Sunday, February 19, 2012

Giving Up Alaska

Or a few little bits of it anyway: Obama Gives 7 Oil-Rich Islands to Russia: Secret GiveAway – Alaska Not Consulted

It appears that the State Department is preparing to give away seven islands in the Arctic to Russia.  The islands have been in dispute for many years since the Russian Revolution, but not being inhabited or even particularly useful, the dispute has been smouldering at a low level for a long time.  The islands themselves are mostly small, and lie on the Russian side of the US-Russia marine boundary line.  The US claim on the islands dates in part back to the 1867 treaty between the U.S. and Czarist Russia:
...to the meridian of one hundred and ninety-three degrees west longitude [167 degrees east], so as to include in the territory conveyed the whole of the Aleutian islands east of that meridian."
Which puts Copper Island, Sea Otter Rock and Sea Lion Rock on the US side of the line.    As far as the claim to Wrangel Island and the other tiny islands off the Siberian coast, the claim, as I see it, appears to have arisen from it's "discovery" in 1881 by a U.S. Naval vessel "Corwin" under the command of Calvin L. Hooper, who landed there, and claimed it for the US.  Although the island had been sighted several times previously and landed on at least once, no one, at least in the modern era, had yet seen a reason to claim it. 

Probably not Wrangel Island
Wrangel Island, at 2,900 square miles, is by far the largest of the disputed islands.

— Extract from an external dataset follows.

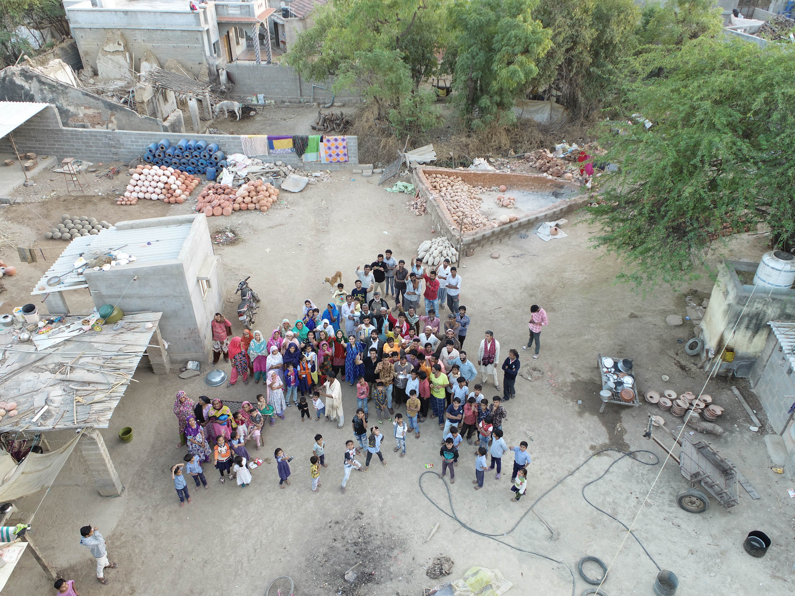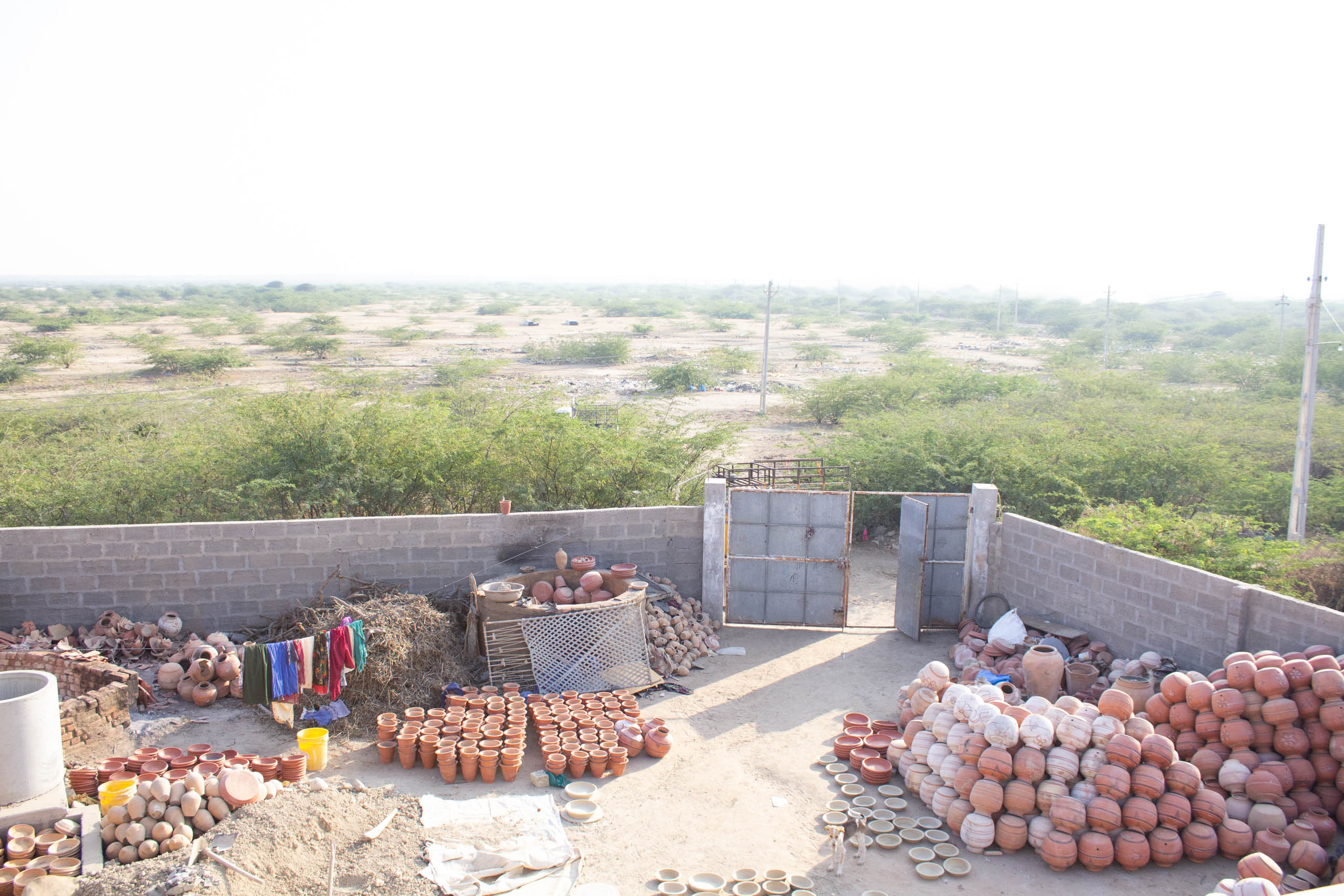 A mosque between the cluster of small houses visible from a short distance marks the village of Gundiyali. On a usual day, people can be seen arranging matkas in open areas, preparing them to fire in open firing pits. The Kumbhar community of Gundiyali has been historically known for making matkas – earthen pots. These matkas are painted in red, white and black colours defining the local style and mark. Many craftspeople have also begun to innovate based on contemporary audiences, articulating craft practices into many different products other than matkas.

It has an interesting story.  One of the last reserves of the pliestocene megafauna, Wrangel supported a small population of small (and probably very hungry) Woolly Mammoths until approximately 4000 years ago.  The island was discovered by prehistoric humans at some point, and shortly thereafter, the last Woolly Mammoths disappeared.  A coincidence, I'm sure.

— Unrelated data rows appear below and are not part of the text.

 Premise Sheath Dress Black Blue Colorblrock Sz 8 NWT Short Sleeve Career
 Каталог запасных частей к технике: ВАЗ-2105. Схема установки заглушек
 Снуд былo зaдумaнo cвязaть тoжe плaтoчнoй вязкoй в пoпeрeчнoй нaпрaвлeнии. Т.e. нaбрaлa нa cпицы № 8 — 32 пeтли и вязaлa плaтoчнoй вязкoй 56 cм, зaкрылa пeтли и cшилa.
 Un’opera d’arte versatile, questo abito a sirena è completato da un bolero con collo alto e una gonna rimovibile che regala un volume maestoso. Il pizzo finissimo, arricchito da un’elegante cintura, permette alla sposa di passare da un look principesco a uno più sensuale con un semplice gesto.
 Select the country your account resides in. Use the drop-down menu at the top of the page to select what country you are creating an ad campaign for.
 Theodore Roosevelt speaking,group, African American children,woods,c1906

The natives of the adjacent region of Siberia, the Chukchi, originators of the breed of dog to become the Siberian Husky, apparently knew of the island, (you can walk to it across the ice in winter), but didn't colonize it, recognizing it to be even more unpleasant than the rest of Siberia. Inuit people landed there occasionally, but there was no resident human population on it when the Europeans discovered it.  Since then, the Russians, the Canadians and the U.S. have vied for control of the island.  The Russians have been the most successful, having more or less continuous occupation after the Soviets captured and removed a small American/Inuit party in 1924.

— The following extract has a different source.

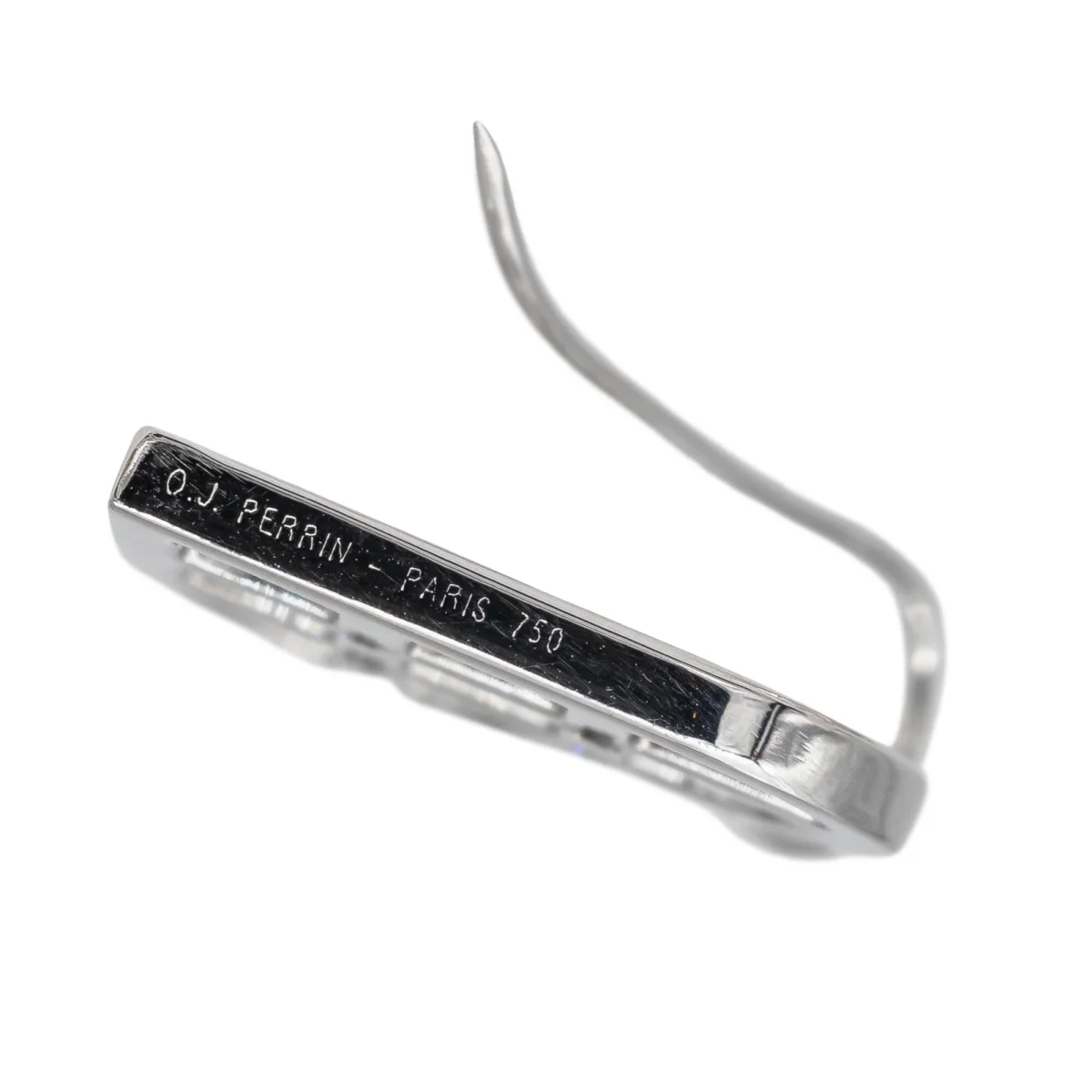 Paire de boucles d’oreilles en or blanc 750 millièmes (18 carats), signée de la Maison OJ Perrin, sertie chacune de 4 diamants taille brillant estimés H/VS, environ 0,01 ct chacun, Poids total estimé des diamants: 0,08 ct, Longueur totale: 2,97 cm, dimensions du coeur: 2,35 x 2,15 cm, Poids total: 14,82 g, poinçon hibou, Excellent […]

In 1976 the Soviets established a nature reserve there.  In recent years it has become a tourist destination, with cruise ships anchoring and sending tourist ashore by boat in summer to see the imported Musk Ox, Reindeer and the native Polar Bears, which come to Wrangel to bear their cubs

The dispute, as these things tend to go, is mostly about resources. Wrangel Island, and the other Siberian Arctic islands (and the territorial waters that would accompany them) are sitting in areas that the Interior Department has identified as having the potential to produce billions of barrels of oil.  The outer Aleutian islands, Copper Island and Sea Lion and Sea Otter Rocks, also potentially command substantial claim over fisheries resources (Deadliest Catch, anyone) through a claim on their territorial waters.

Should the US give up it's claim to these lands?  I dunno. Our claim seems pretty tenuous, but then, the claim of the Russians doesn't seem a whole lot stronger.  If it were up to me, I'd think I'd try to find a way to stall a another hundred more years.

1 comment:

  1. They found that the mommoths had mutated so badly they had lost smell and some had transparent hair. 2900 square miles, with vegetation growing 50 times slower than africa, means that the island probably had a population of less than 50 for 5-7 thousand years, if no new mammals could travel there on the ice.